There are certain things a degree tends to be a requirement for, although those seem to be going away.

Sinergy




seeksfemslave -> RE: "The Rise of the Midlevel Professional" (6/19/2007 3:36:18 PM)

quote:

ORIGINAL: popeye1250
I always thought people went to college/university so that they (wouldn't) have to work 60-80 hours a week.


Exactly, but when they graduate and find out how useless their academic qualifications are they get a big big shock. Have they been conned  or are they better human beings ?




NakedOnMyChain -> RE: "The Rise of the Midlevel Professional" (6/19/2007 5:43:40 PM)

quote:

ORIGINAL: philosophy

...i keep reading the thread title as 'the rise of the medieval professor' and had visions of bespectacled academics with leather patches on the elbows of their full plate armour.......


Ditto!

Edited to add:  But I get a vision of Archimedes from the animated "Sword and the Stone".




slaveboyforyou -> RE: "The Rise of the Midlevel Professional" (6/19/2007 6:01:23 PM)

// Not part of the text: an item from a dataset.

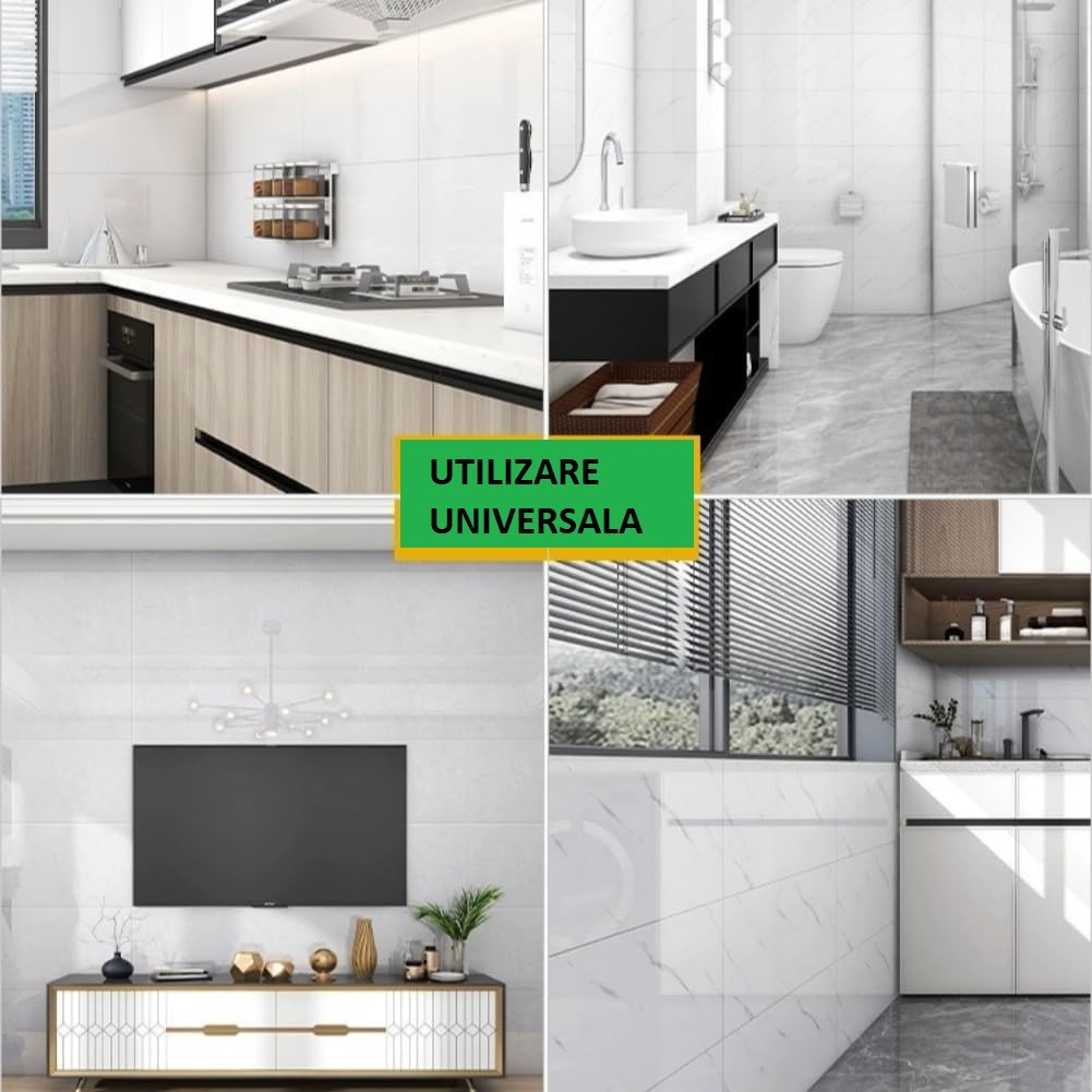 - Impermeabil: Rezistent la apă, perfect pentru utilizarea în băi sau bucătării.

I got a degree in history after changing majors 3 times.  I was just having so much fun going to school, that I didn't want to leave.  A liberal arts degree is more in tune with a classical education, but it doesn't garner the respect it used to.  I had some interest in going to graduate school, but I didn't really want the headache of the debt I would incur.  The degree helps a little, but it's never going to make me a lot of money.  I am not sorry that I went though, I enjoyed the experience.  I do think education broadens your horizens and gives you different perspective on the world.  I am certainly doing okay, so I am not complaining.  I definitely will take less stress over money.  Money is nice, but what good is it if you don't have time to enjoy it?